Indeed, it is hard to imagine that the seven Greeks recorded as members of an association in Ostia, likely of shipwrights, who were not unskilled labourers but professional carpenters, were pushed to Italy out of desperation. We might consider them as “trained professionals” who followed favourable conditions for their own advancement, much as the above-described students (Bruun 2016, p. 184).

An interconnected world

Spread out over the surface of the Piazzale delle Corporazioni (Forum of Corporations) in Ostia is a series of mosaics exhibiting the stationes (commercial offices) belonging to the merchants who frequented this space. They not only give an impression of the nature of these corporations and what they sold, but also evoke the lands from which they originated.

The merchants hailed from across the empire: modern-day Algeria, Egypt, Sabratha in Libya, Sullectum and Carthage in Tunisia, Turris in Sardinia, Narbonne in southern France. We gain a sense of the prosperity of Ostia as Rome’s seaport where people from across the Roman world met.

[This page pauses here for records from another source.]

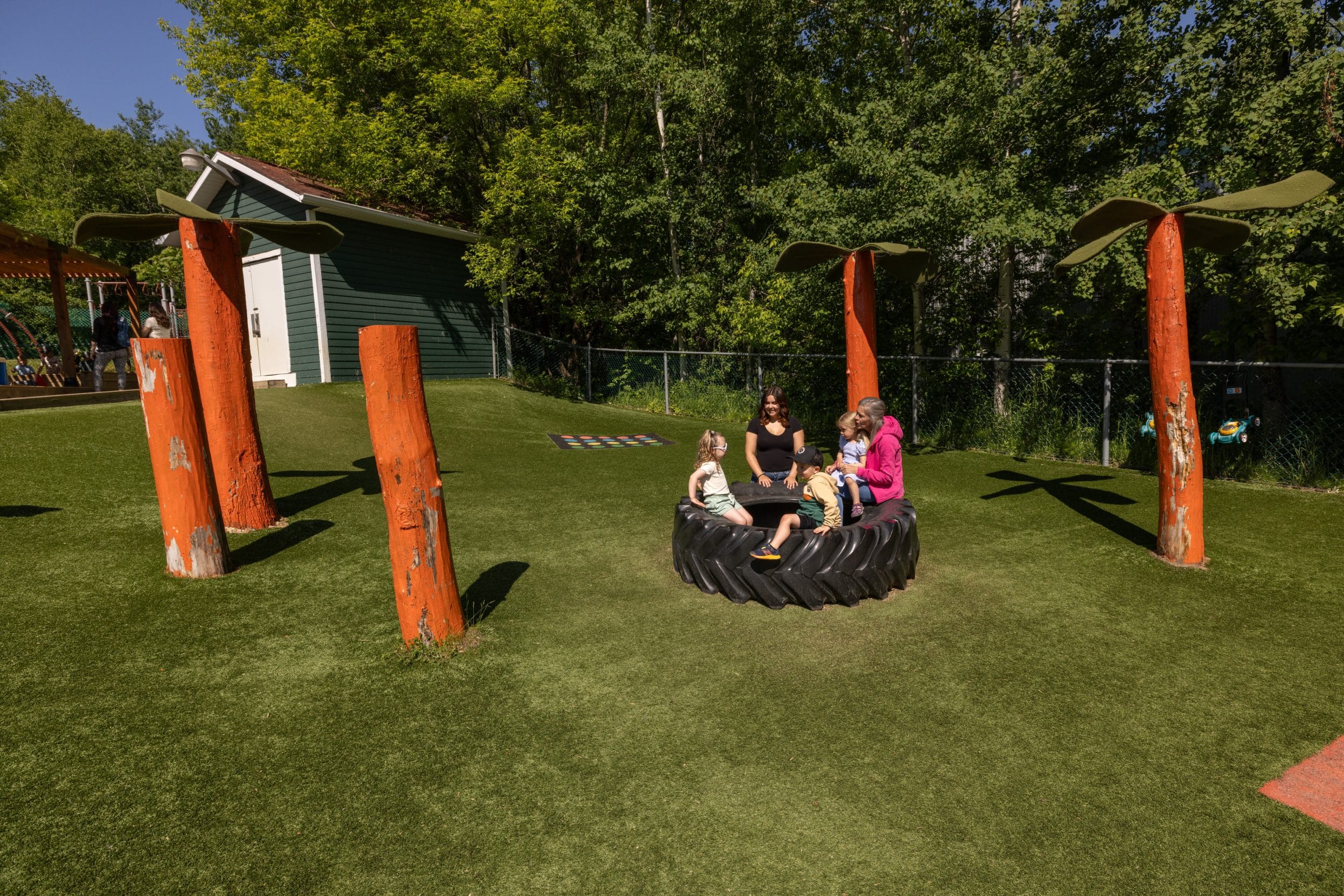 Notre cour est recouverte de tapis synthétique, ce qui permet aux enfants de sortir tous les jours, même après la pluie.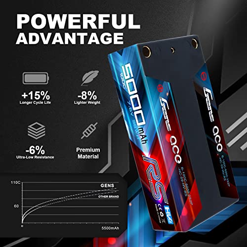 Gens Ace 5000mAh 7.6V HV100C 2S2P HardCase Shorty Lipo59
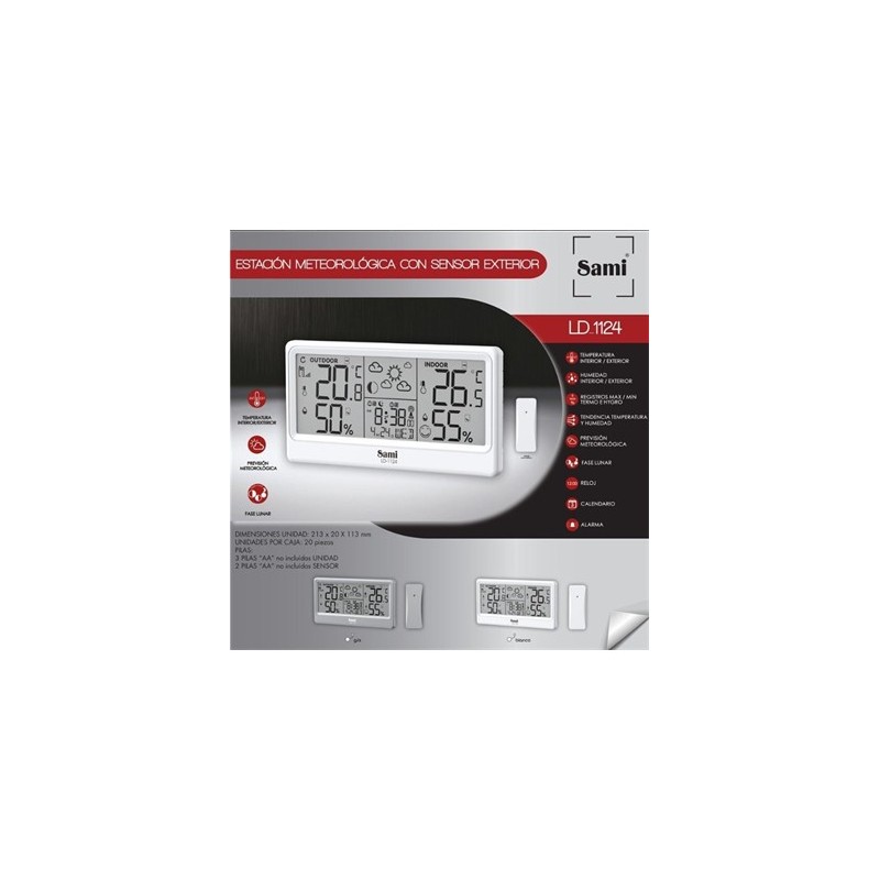 SAMI Estacion Barometrica LD-1124 con Sensor Fase lunar Calendario Temperatura Interior Exterior Hum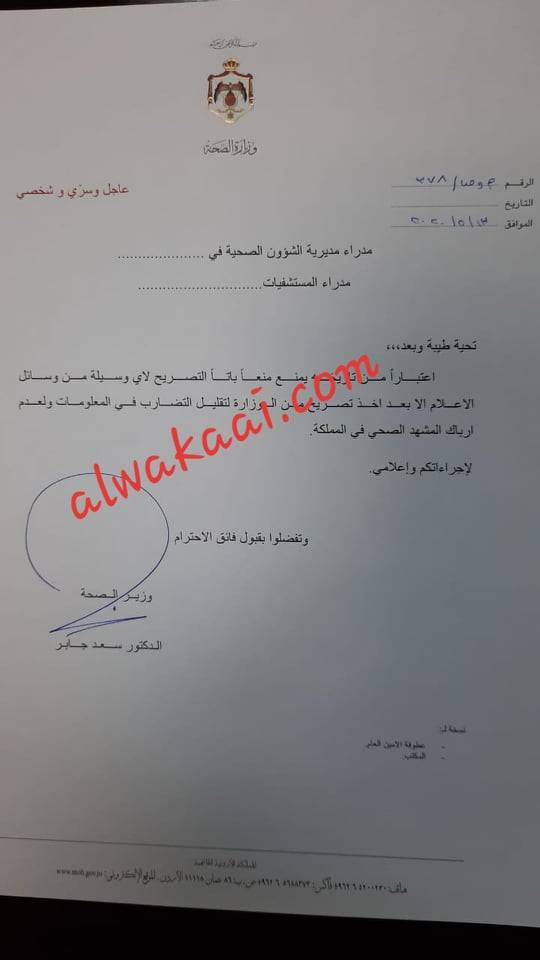جابر يمنع مدراء الصحة والمستشفيات من التصريح لأي وسيلة إعلام... وثيقة

The intensity and geographical extensiveness of the trade that Ostia served may even be taken as an early manifestation of “globalisation”. This was, after all, a period of enhanced contact between peoples, cities and regions enabled by an established communications network. This interconnectivity was one component of the glue that held the Roman Empire together and made it viable for so long.

We cannot disentangle our understanding of Rome and Romans from this ancient cosmopolitanism. Imperial Rome was not a mere city and its appended empire, but a vast, interconnected world of its own.